Congressional leaders on both sides of the aisle do more behind the scenes than anyone would know – in part because their responsibilities are often less about press conferences (although they do many of them) and more about running the legislative branch, managing the work of their own caucuses, and activating a broader political network that actively seeks to keep their colleagues in Congress. These jobs come with some good perks – good real estate in the Capitol, for example – but they are tough jobs and, most of the time, thankless. Furthermore, everyone has a different metric for success for congressional leaders – most of which are impossible to meet – which is likely to reduce the tenure of leadership positions in the years to come. 

This week, alone, highlights the painful job congressional leaders are responsible for. Republican Leader Mitch McConnell (R-KY)’s effort to negotiate a bipartisan immigration bill (potentially the only way funding for Israel and Ukraine could move) was somewhat undercut by his more conservative members who then held a press conference calling for his resignation. On the House side, Speaker Mike Johnson (R-LA) worked to advance two significant priorities of his members – funding for Israel and the impeachment of the Secretary of Homeland Security – and was forced to do so without compromising with his Democratic colleagues…both failed. 

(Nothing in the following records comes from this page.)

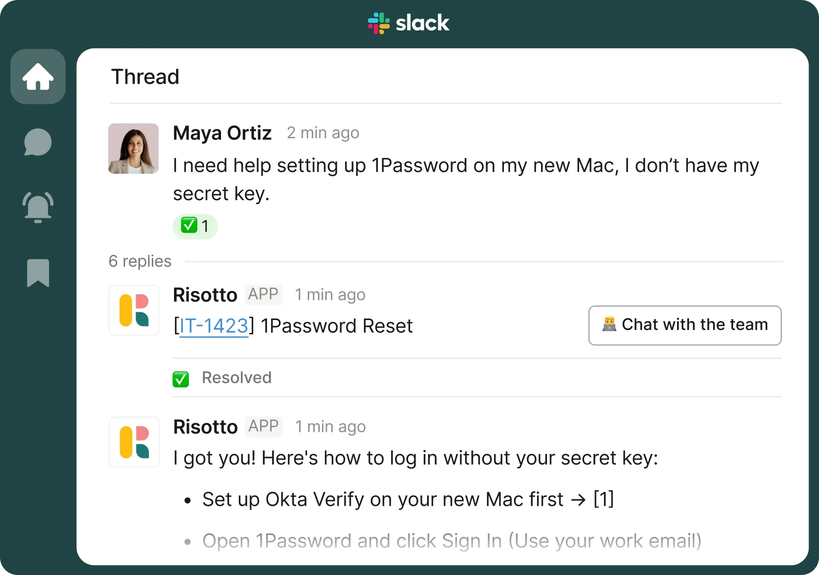 We wanted to implement more standardization and automation in our help desk, but there wasn’t an easy way in Slack without clunky custom work. Risotto helped us do that.”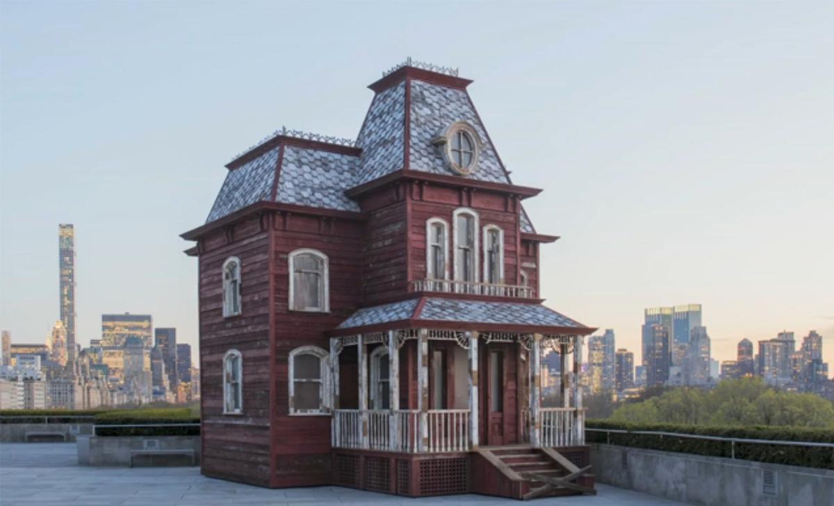 Na koniec chciałabym pokazać Wam szalenie ciekawą instalację, którą w 2016 roku wykonała brytyjska artystka Cornelia Parker na dachu MOMA w Nowym Jorku. Dom będący odwzorowaniem motelu z „Psychozy” na fotografii sprawia wrażenie kompletnej bryły, choć w rzeczywistości składał się z dwóch ścian fasady wspartych na metalowym szkielecie. Czy umieszczony wśród nowoczesnego, żelbetowego świata straszy choć odrobinę mniej? 🙂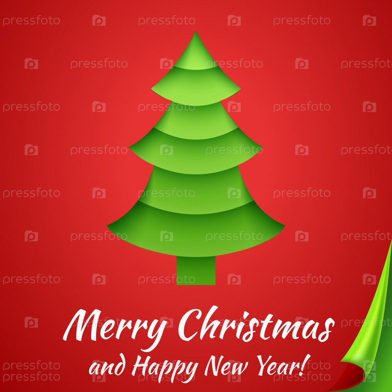 Веселая Рождественская открытка с деревом. Векторные иллюстрации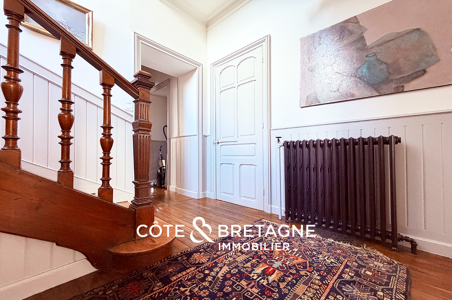 Entièrement rénovée, entièrement repeinte et parfaitement entretenue, la maison répond aux attentes actuelles en matière de confort tout en préservant son âme. Elle bénéficie notamment d’une pompe à chaleur, d’un double vitrage PVC et d’un grand sous-sol avec caves et buanderie. Ces prestations viennent compléter avec discrétion la noblesse de la bâtisse et renforcent le confort quotidien. Cette maison à Saint-Brieuc incarne ainsi l’équilibre entre patrimoine, modernité et qualité de vie.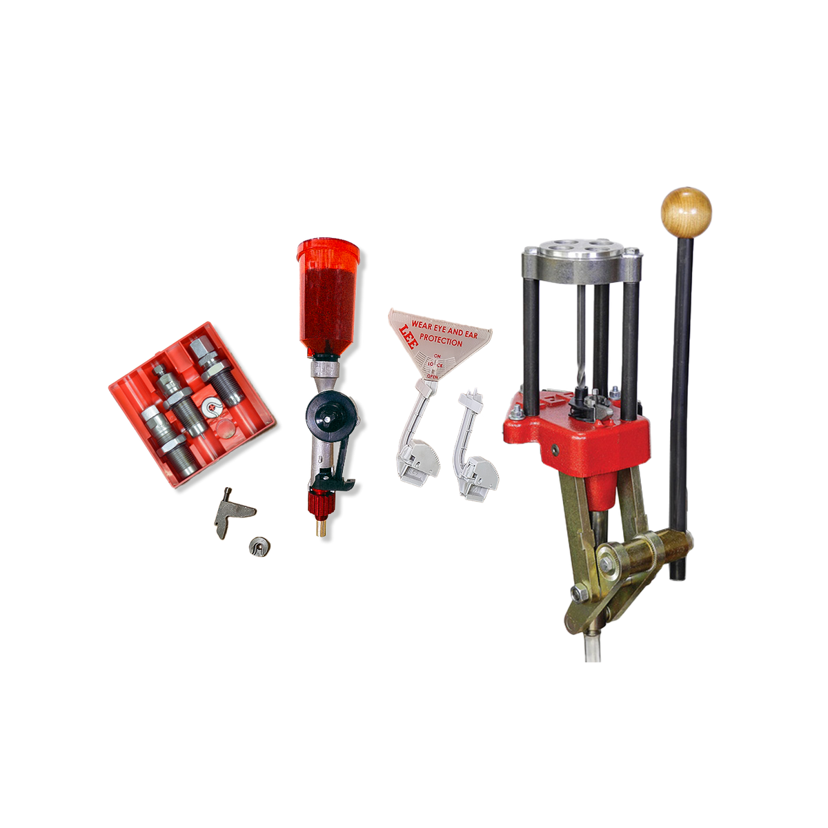 O kit de recarga da Lee Classic Turret possui todos os recursos necessários para uma recarga completa. Além da famosa prensa Classic Turret, o conjunto inclui itens essenciais para o processo, como é o caso do polvorímetro e espoletador.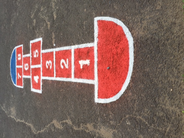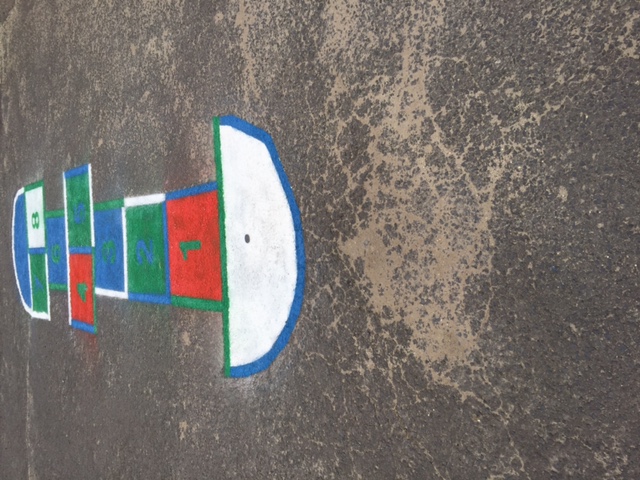 Sous un beau soleil, ce mercredi 29 juin les maîtresses et Cathy se sont retrouvées pour un atelier peinture de marelles.

There are a number of reasons why leadership seems harder now (on both sides of the aisle) than it has been in the past:          

Individual Members are Empowered: More so than ever before, individual members have a level on influence that is both unusual and somewhat difficult for leaders to manage. This is both the product of very thin majorities in the House and Senate, as well as increasing divisions within the caucuses.


Third Parties Have Increasing Influence Over Leadership Elections: Another new trend that is impacting leadership positions in Congress is the emerging focus third party organizations have around leadership elections. This creates a new dynamic that is tough to manage and even more difficult to answer to without alienating a sector of the caucus. 


Compromise Has Become Difficult: The days of leaders working closely together to ensure a smooth legislative process may be gone forever. Leaders from opposite sides of the aisle (and opposite ends of the Capitol) work less together and, in some cases, are punished for working with their counterparts. Given the need for bipartisanship to pass anything in the current landscape, the inability to compromise hamstrings any senior leader. 


Little Margin for Error: There is virtually no ability for a leader to lose members on a vote and still win the vote. Success, therefore, is very difficult to achieve. When leadership has a cushion of 30 votes, advancing legislation is almost formulaic. When that cushion reduces to 3, it becomes a delicate dance to say the least.


Congressional leaders have a tough 300+ days ahead of them with a big agenda, a big election, and big expectations among their respective caucuses. Without question, we have not seen the last call for current leadership to resign or public questioning of a leader’s tactics. It comes with the territory to some degree. But, this new leadership dynamic is even more painful and more thankless than what we have seen in the past…and might be the start of a trend.